#### What you will do
Below are entries; output exactly the lines from the one with "Chaqueta y pantalón" to the one with "Na prednej strane", both included, and nothing else.

#### Source records
────────────────────────────────────────

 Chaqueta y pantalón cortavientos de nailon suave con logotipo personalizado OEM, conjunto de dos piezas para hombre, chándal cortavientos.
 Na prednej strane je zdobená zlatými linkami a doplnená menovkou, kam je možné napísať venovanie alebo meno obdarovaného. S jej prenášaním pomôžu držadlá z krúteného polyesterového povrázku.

────────────────────────────────────────

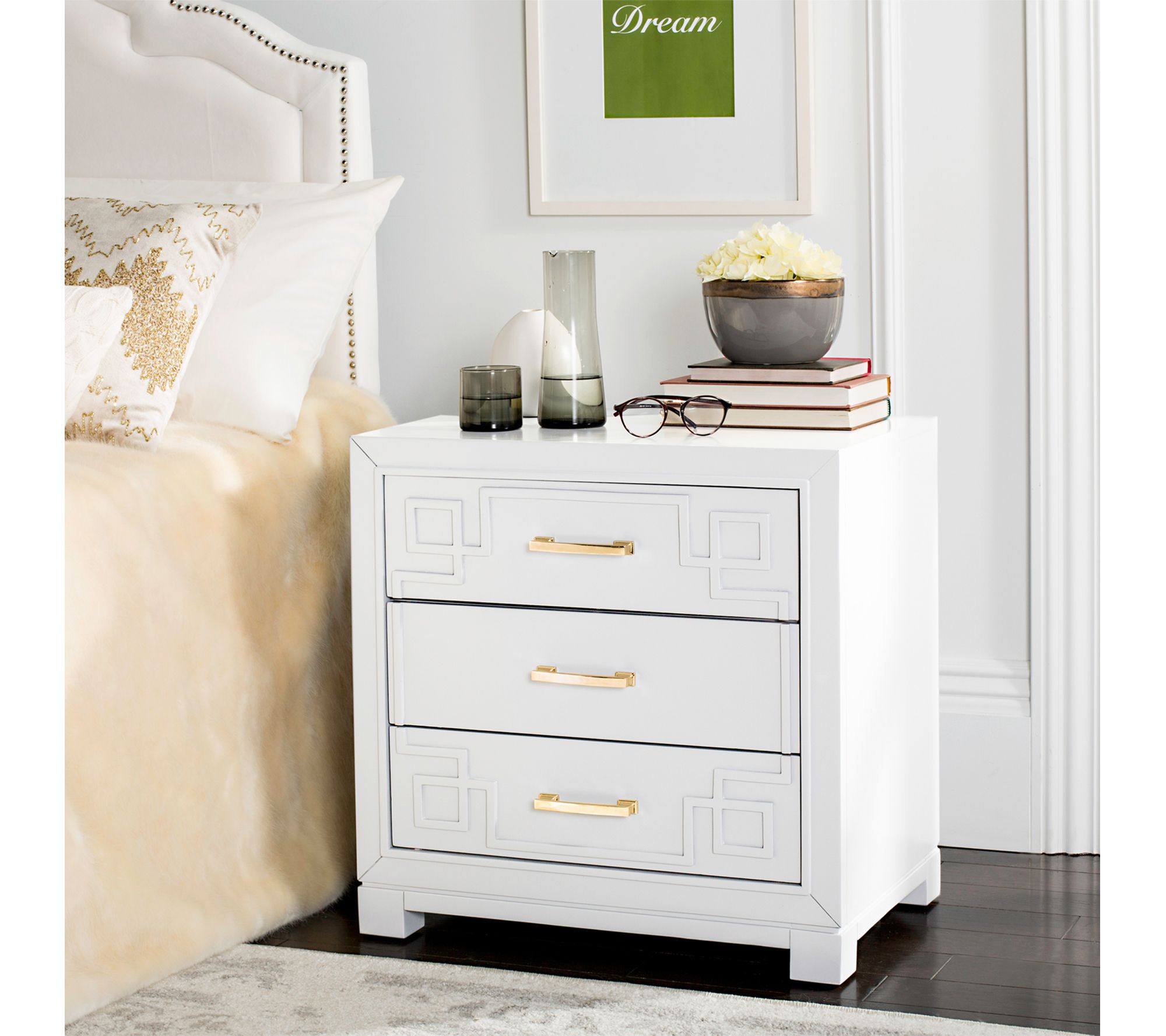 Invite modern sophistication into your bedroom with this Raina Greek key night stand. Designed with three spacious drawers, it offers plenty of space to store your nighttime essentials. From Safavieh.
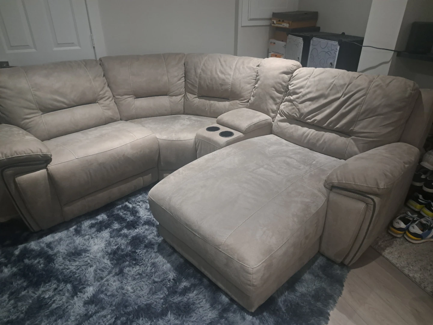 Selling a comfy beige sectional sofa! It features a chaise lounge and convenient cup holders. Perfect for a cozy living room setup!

────────────────────────────────────────

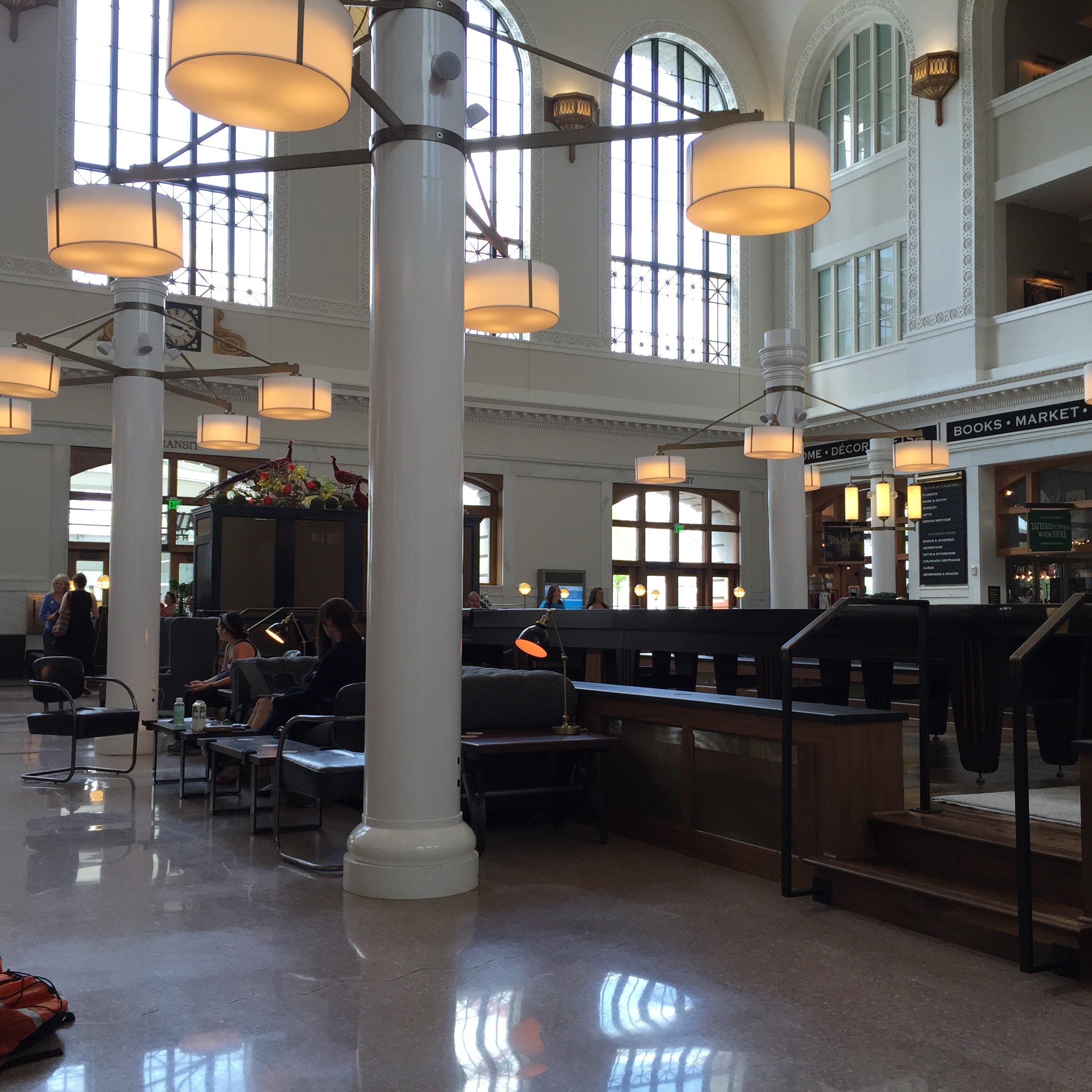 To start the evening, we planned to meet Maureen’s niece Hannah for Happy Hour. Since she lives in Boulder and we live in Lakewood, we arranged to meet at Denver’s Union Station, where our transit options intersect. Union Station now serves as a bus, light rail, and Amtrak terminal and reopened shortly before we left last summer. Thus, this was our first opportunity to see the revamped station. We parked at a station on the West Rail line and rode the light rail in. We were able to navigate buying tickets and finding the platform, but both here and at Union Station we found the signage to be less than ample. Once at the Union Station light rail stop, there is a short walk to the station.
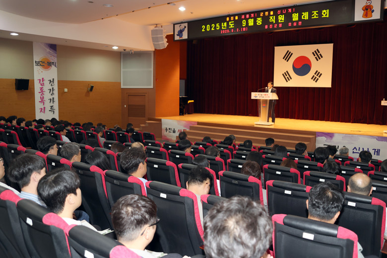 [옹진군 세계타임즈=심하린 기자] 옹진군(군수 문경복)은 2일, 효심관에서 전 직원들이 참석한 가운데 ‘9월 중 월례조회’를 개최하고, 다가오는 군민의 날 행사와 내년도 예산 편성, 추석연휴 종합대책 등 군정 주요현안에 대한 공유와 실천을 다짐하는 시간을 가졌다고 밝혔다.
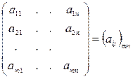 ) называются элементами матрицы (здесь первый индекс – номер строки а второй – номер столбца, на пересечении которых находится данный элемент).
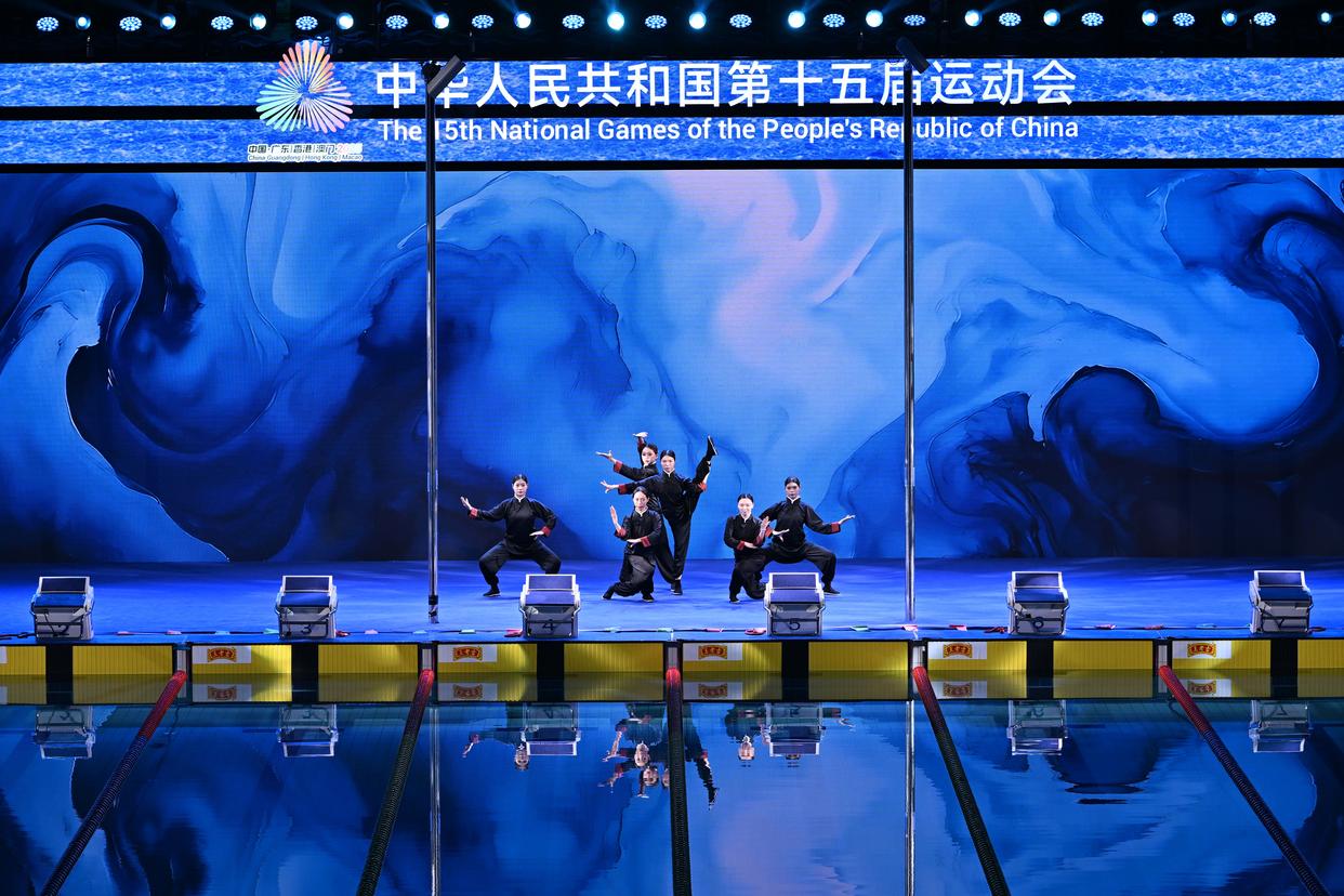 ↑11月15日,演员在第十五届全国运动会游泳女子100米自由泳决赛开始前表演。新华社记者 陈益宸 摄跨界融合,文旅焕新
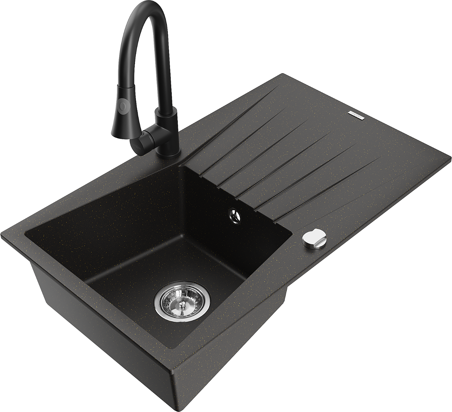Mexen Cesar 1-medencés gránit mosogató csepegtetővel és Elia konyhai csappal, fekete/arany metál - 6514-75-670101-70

────────────────────────────────────────

#### Solution to the exercise
 Chaqueta y pantalón cortavientos de nailon suave con logotipo personalizado OEM, conjunto de dos piezas para hombre, chándal cortavientos.
 Na prednej strane je zdobená zlatými linkami a doplnená menovkou, kam je možné napísať venovanie alebo meno obdarovaného. S jej prenášaním pomôžu držadlá z krúteného polyesterového povrázku.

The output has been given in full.